Update August 2021

Acute Flaccid Myelitis (AFM), associated with enterovirus D68 (EV-D68) infection, has become an epidemic. Until the summer of 2014 few cases of EV-D68 infections were diagnosed. Subsequently biennial outbreaks have occurred in 2016 and 2018; during which the number of confirmed cases of EV-D68 associated AFM has increased. At least 650 children in the United States have suffered some level of paralysis from AFM, often resulting in long-term physical deficits. Yet, many children and adults are infected with EV-D68 without developing AFM.

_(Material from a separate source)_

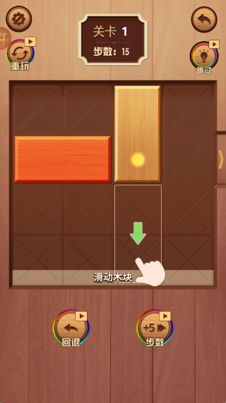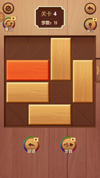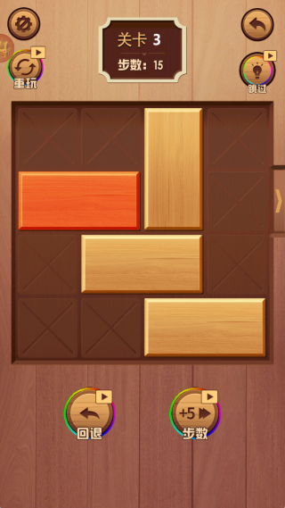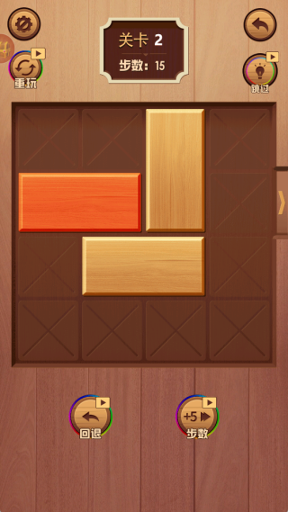 2、每个关卡设有步数限制,玩家要寻得合适的移动顺序,在有限空间内合理移动木块。
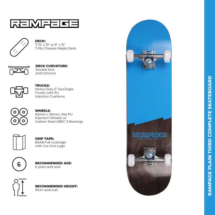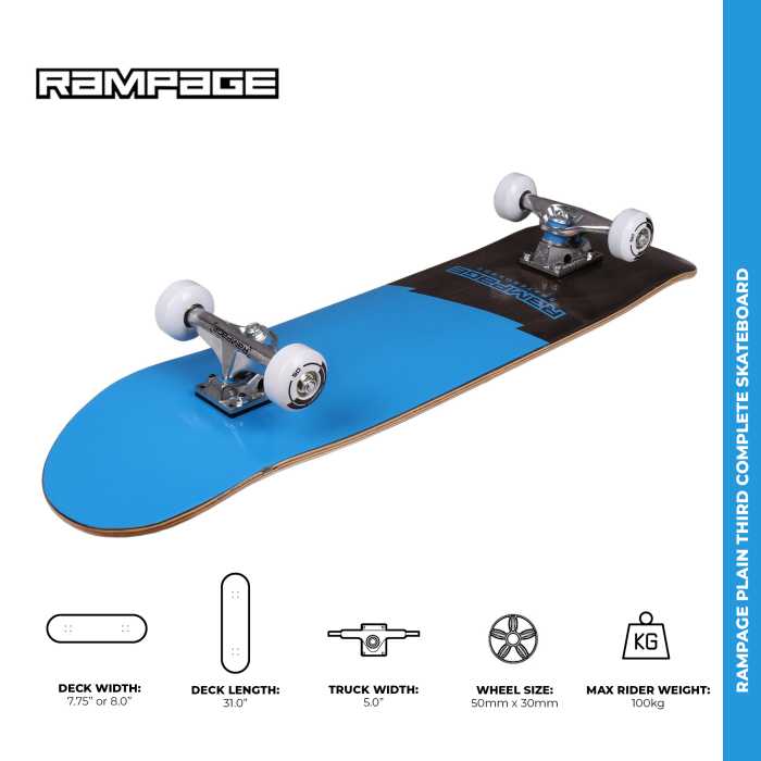 Rampage Plain Third Complete Skateboard - Blue/Black 7.75''

Many aspects of EV-D68 biology within the pediatric population remain unexplored including pressing questions about virion antigenicity, mechanisms of virus neutralization and durability of immunity. It is therefore imperative to define the composition of the humoral immune response elicited during EV-D68 infection.

Other enteroviruses, collectively called non-polio enteroviruses (NPEVs) are ubiquitous human pathogens. More than 110 NPEVs have been identified including echoviruses, Coxsackieviruses A and B (CAV and CVB), and EVs A and D (EV-A and EV-D). Infection with these small single-stranded (+) RNA viruses, particularly in children under the age of 6 years, can cause a broad-spectrum of serious illnesses including a polio-like childhood paralysis known as acute flaccid myelitis (AFM), neonatal sepsis, aseptic meningitis, myocarditis, hand-foot-mouth disease (HFMD), respiratory illness, and encephalitis.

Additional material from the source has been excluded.